Even with increased openness to home health solutions, FDA requirements remain rigorous. “You can’t do something like, say, our toilet seat is made out of the same stuff as other toilet seats, so it’s safe,” Austin explains. Instead, they had to conduct extensive testing, including “biocompatibility testing, where they literally have to tape parts of the toilet seat to the side of a living animal for a period of time.”

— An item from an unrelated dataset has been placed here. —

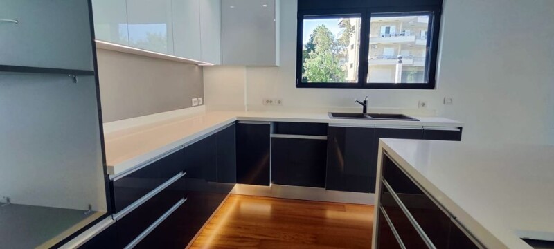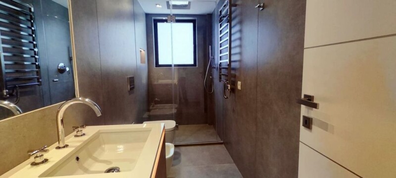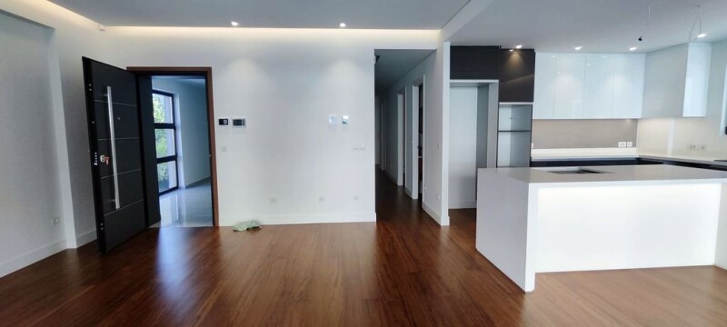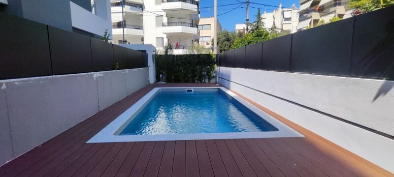 Welcome to an exquisite living experience in this elegantly designed apartment, located on the 1st floor of a prestigious complex. Spanning an impressive 133 m², this residence is a harmonious blend of luxury and modernity, offering a lifestyle of unparalleled comfort and sophistication. ### Interior Highlights **Bedrooms & Bathrooms:** - **Master Bedroom:** A sanctuary of relaxation, featuring high-gloss acrylic closets with interior lighting and a custom-made bathroom with stone-tops and ambiance lighting. - **Additional Bedrooms:** Two spacious rooms, thoughtfully designed with custom linear lighting and convenient switches for ceiling lights, table-top lamps, and curtains on both sides of the bed. - **Bathrooms:** Two beautifully appointed bathrooms with floor-to-ceiling tiles, custom-made furniture, and vanity magnifying mirrors. An additional guest W/C ensures convenience for visitors. **Living Spaces:** - **Living Room:** Bask in the natural light streaming through the expansive 7.5x2.4m Alumil windows. Enjoy the warmth of the custom cement-coated fireplace, equipped with ambiance lighting, under the elegant custom ceilings. - **Kitchen:** A chef's delight, featuring high-gloss acrylic finishes, a minimalistic style, and a stunning stone island unit ready for ceramic stove installation. - **Dining Area:** Perfect for entertaining, seamlessly flowing from the kitchen and living spaces. ### Luxurious Amenities **Pool Lounge:** - A serene 60 m² lounge area with a 3m x 6m pool, perfect for unwinding or hosting summer gatherings. - Outdoor internet router and intercom screen to communicate with the apartment. **Front Balcony:** - A spacious 24 m² balcony offering a delightful outdoor space to relax and enjoy the view. **Floors & Lighting:** - Elegant Wooden Iroko floors imported from Italy. - Custom linear lighting throughout, enhancing the sophisticated ambiance of every room. ### Energy & Climate Control - **Heating:** State-of-the-art heated floors operated by a Samsung heating pump. - **Air Conditioning:** Efficient fan coil system with individual thermostats in every room. - **Hot Water Supply:** Reliable 200L Sun Boiler and electricity. ### Modern Conveniences - **Security:** Robust security features including a security entrance door, 11 CCTV cameras, and an installed alarm system. - **Technology:** Fiber-optic internet, touchscreen controls, and electric operated curtains in all rooms. - **Storage:** A generous 11 m² storage room. - **Parking:** One underground parking space with the option to acquire an additional space. ### Exclusive Features - **Gym Access:** Dial access control and a separate internet line for TV and general use. - **Custom Ceilings:** Designed with ambiance lighting for a refined atmosphere. - **Magnetic Locks:** High-quality custom-made doors with magnetic locks for enhanced security. This apartment is the epitome of elegance and modern luxury, offering a comprehensive suite of high-end fittings and smart technologies. It’s an ideal residence for those who value both comfort and style, set in a secure and sophisticated environment. Don’t miss the opportunity to make this exceptional property your new home.features three comfortable bedrooms, one of which is a master with a private bathroom, offering privacy and comfort. There are a total of two bathrooms and an additional WC for the convenience of residents and guests. The autonomous underfloor heating with a heat pump and air conditioning ensure excellent living conditions all year round. One of the special features of the apartment is the private swimming pool, located in a 60 sq.m. private garden, offering moments of relaxation and fun. There is also an internal storage room for additional storage space. The aluminum frames are sliding and equipped with double glazing and screens, providing security and soundproofing. The apartment has an alarm system and external security cameras for additional protection. The floors are of exceptional quality, made from Italian Iroko wood, adding a sense of luxury and warmth. The apartment features a solar water heater, an elevator, and underground parking for the convenience of the residents. The custom-made ceilings throughout the house give a unique character and style to the space. Additionally, the building is equipped with photovoltaic systems to reduce communal expenses, contributing to energy efficiency and economy. This luxurious apartment combines modern amenities with high-quality construction and is an excellent choice for those seeking an upgraded quality of life.

Reimagining Healthcare Business Models

The pandemic also influenced Casana’s revenue strategy. “Medicare will pay to have a lot of those vitals tracked for the right patients because it couldn’t matter so much,” Austin notes. “There’s an ability to get reimbursed both by the government and by private insurance for being able to track these core important vitals in at risk populations.”

Looking Ahead

Austin’s vision extends beyond the immediate post-COVID landscape. “This product, unlike almost anything else you could work on, we’ll directly save people’s lives when it’s in the market.” Looking three to five years ahead, he sees “hundreds of thousands of seats in the world, and they’re saving lives every month, every week, every day.”

For founders building in the post-COVID healthcare space, Casana’s experience highlights how pandemic-driven changes created opportunities for innovative approaches to home health monitoring. The key lies in balancing these new opportunities with traditional regulatory requirements while maintaining focus on meaningful health outcomes.